* WHAT IS BEING ASKED *
Your copy should repeat each record exactly and contain none of the pictures.

Records from a data collection
--------

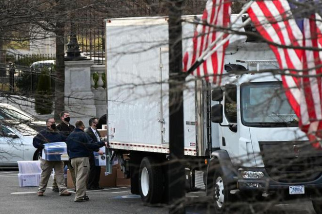 Những ngày trước khi ông Trump mãn nhiệm, nhiều xe tải, phụ tá và hàng đống hộp chứa đồ lưu niệm và ảnh xuất hiện trên đường lái xe vào Nhà Trắng.
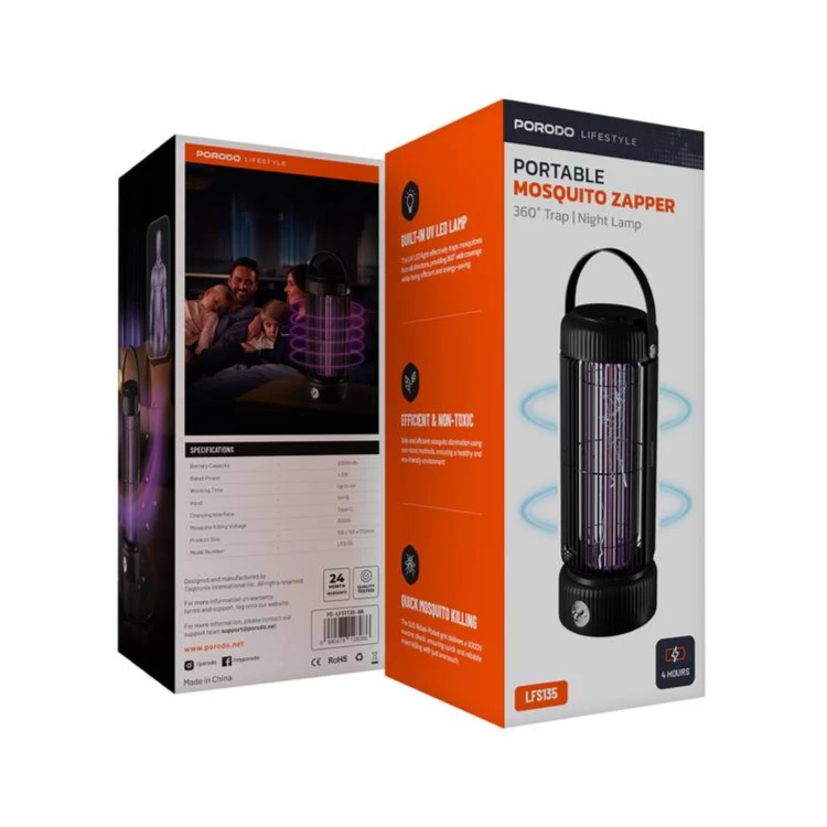 The Porodo Lifestyle Portable Mosquito Zapper is the ideal method to effectively and safely remove insects. The product gets rid of mosquitoes fast and safely. It works with a 3000V insect-killing voltage, avoiding harmful chemicals. The built-in UV LED bulb serves as a 360° night light to brighten your area and attract insects for efficient capturing. It's great for indoor and outdoor use. Its 2000mAh battery lasts up to 4 hours on one charge. The 4.5W rated power guarantees peak performance, and the Type-C charging interface makes recharging quick and easy. This zapper provides a safer, eco-friendly option to regular mosquito killers. It's designed to be effective and non-toxic. Porodo Lifestyle Portable Mosquito Zapper is easy to maintain and offers dependable mosquito control anywhere you need it, thanks to its 5V/1A input.
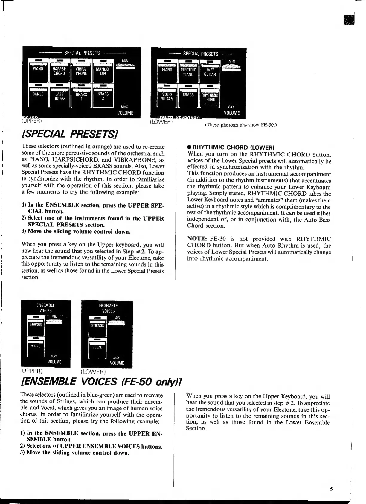 Yamaha Electone FE-40 - Special Presets; Ensemble Voices
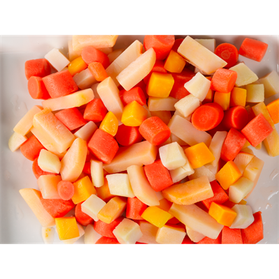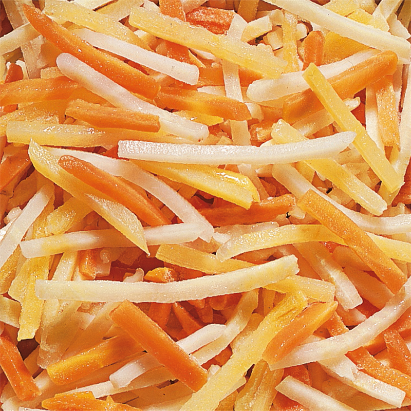 Kaikki kasvikset on ryöpätty. Porkkana-, palsternakka- ja sellerisuikaleet 4x6x65 mm.
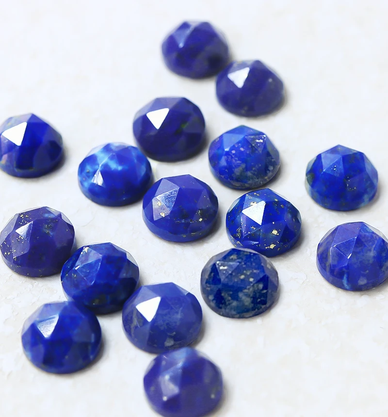深い青の瑠璃色が魅力的なローズカットのラピスラズリを使用したK10リングです。ローズカットの表面に施された24面のカット面が光を反射し、キラキラと美しく輝きます。ラピスラズリは12月の誕生石です。
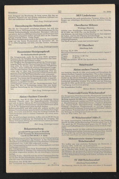 Am Samstag, dem 08.10.1994, wird wieder auf Kreisebene die Aktion »Saubere Umwelt« durchgeführt. Wie in den vergangenen Jahren wird sich die Ortsgemeinde auch in diesem Jahr wieder an der Aktion beteiligen. Ich würde es sehr begrüßen, wenn viele Mitbürgerinnen und Mitbürger beim Reinigen der Landschaft mithelfen würden. Wir treffen uns am Samstag, dem 08.10.1994, um 08.30 Uhr, am Feuerwehrgerätehaus. Für Verpflegung wird bestens gesorgt.
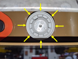 - Twist the flood port either direction, and at the same time pry with a plastic trim tool to separate the flood port from the HV battery.
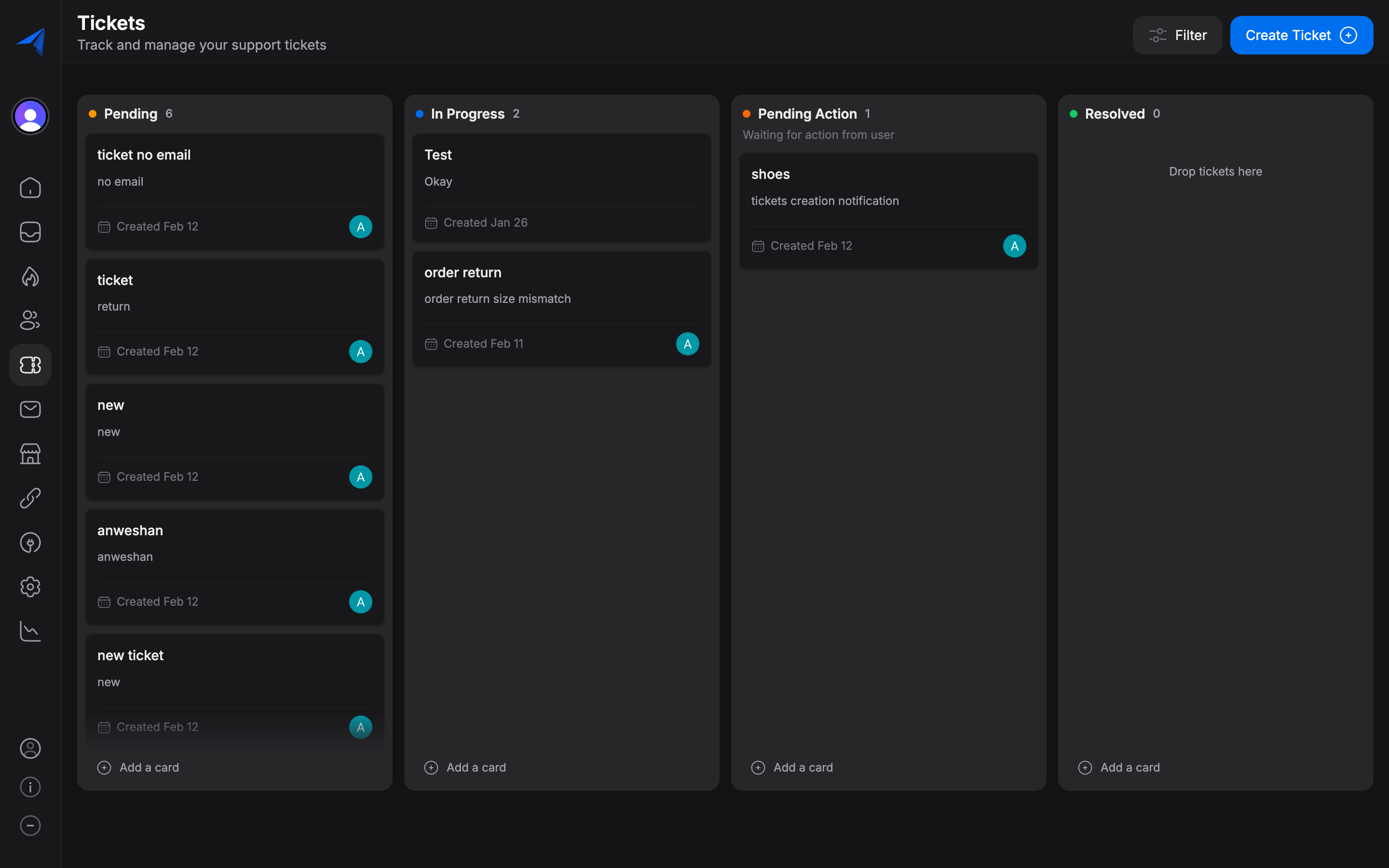 Replyn's ticketing system helps your team track, prioritize, and resolve customer support issues in an organized workflow. Every ticket captures the full context of a customer's problem — from the original conversation to internal notes and status updates — so nothing falls through the cracks.

--------

* FINISHED TASK *
 Những ngày trước khi ông Trump mãn nhiệm, nhiều xe tải, phụ tá và hàng đống hộp chứa đồ lưu niệm và ảnh xuất hiện trên đường lái xe vào Nhà Trắng.
 The Porodo Lifestyle Portable Mosquito Zapper is the ideal method to effectively and safely remove insects. The product gets rid of mosquitoes fast and safely. It works with a 3000V insect-killing voltage, avoiding harmful chemicals. The built-in UV LED bulb serves as a 360° night light to brighten your area and attract insects for efficient capturing. It's great for indoor and outdoor use. Its 2000mAh battery lasts up to 4 hours on one charge. The 4.5W rated power guarantees peak performance, and the Type-C charging interface makes recharging quick and easy. This zapper provides a safer, eco-friendly option to regular mosquito killers. It's designed to be effective and non-toxic. Porodo Lifestyle Portable Mosquito Zapper is easy to maintain and offers dependable mosquito control anywhere you need it, thanks to its 5V/1A input.
 Yamaha Electone FE-40 - Special Presets; Ensemble Voices
 Kaikki kasvikset on ryöpätty. Porkkana-, palsternakka- ja sellerisuikaleet 4x6x65 mm.
深い青の瑠璃色が魅力的なローズカットのラピスラズリを使用したK10リングです。ローズカットの表面に施された24面のカット面が光を反射し、キラキラと美しく輝きます。ラピスラズリは12月の誕生石です。
 Am Samstag, dem 08.10.1994, wird wieder auf Kreisebene die Aktion »Saubere Umwelt« durchgeführt. Wie in den vergangenen Jahren wird sich die Ortsgemeinde auch in diesem Jahr wieder an der Aktion beteiligen. Ich würde es sehr begrüßen, wenn viele Mitbürgerinnen und Mitbürger beim Reinigen der Landschaft mithelfen würden. Wir treffen uns am Samstag, dem 08.10.1994, um 08.30 Uhr, am Feuerwehrgerätehaus. Für Verpflegung wird bestens gesorgt.
 - Twist the flood port either direction, and at the same time pry with a plastic trim tool to separate the flood port from the HV battery.
 Replyn's ticketing system helps your team track, prioritize, and resolve customer support issues in an organized workflow. Every ticket captures the full context of a customer's problem — from the original conversation to internal notes and status updates — so nothing falls through the cracks.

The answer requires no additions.